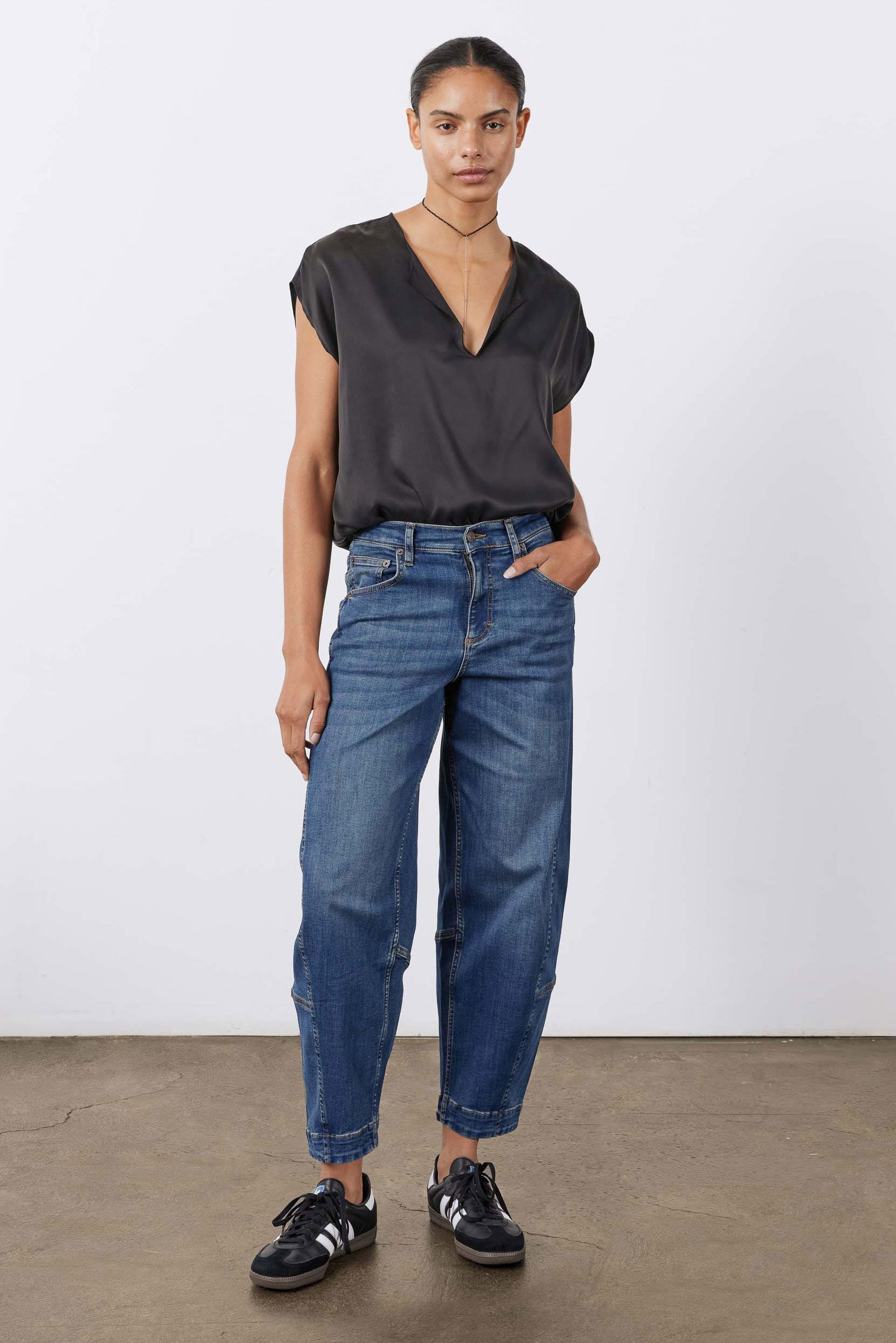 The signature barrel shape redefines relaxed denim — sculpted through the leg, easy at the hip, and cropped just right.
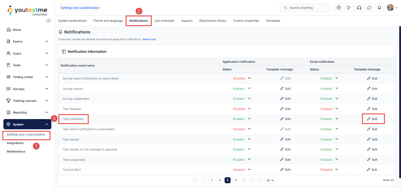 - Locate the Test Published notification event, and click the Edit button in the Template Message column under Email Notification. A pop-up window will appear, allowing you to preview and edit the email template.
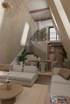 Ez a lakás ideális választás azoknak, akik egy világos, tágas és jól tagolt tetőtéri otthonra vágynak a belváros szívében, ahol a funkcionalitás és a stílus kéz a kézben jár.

═══

# PROBLEM STATEMENT:
Restate every line of the listing exactly. Pictures are not part of the copy.

# RESPONSE BOX:
 The signature barrel shape redefines relaxed denim — sculpted through the leg, easy at the hip, and cropped just right.
 - Locate the Test Published notification event, and click the Edit button in the Template Message column under Email Notification. A pop-up window will appear, allowing you to preview and edit the email template.
 Ez a lakás ideális választás azoknak, akik egy világos, tágas és jól tagolt tetőtéri otthonra vágynak a belváros szívében, ahol a funkcionalitás és a stílus kéz a kézben jár.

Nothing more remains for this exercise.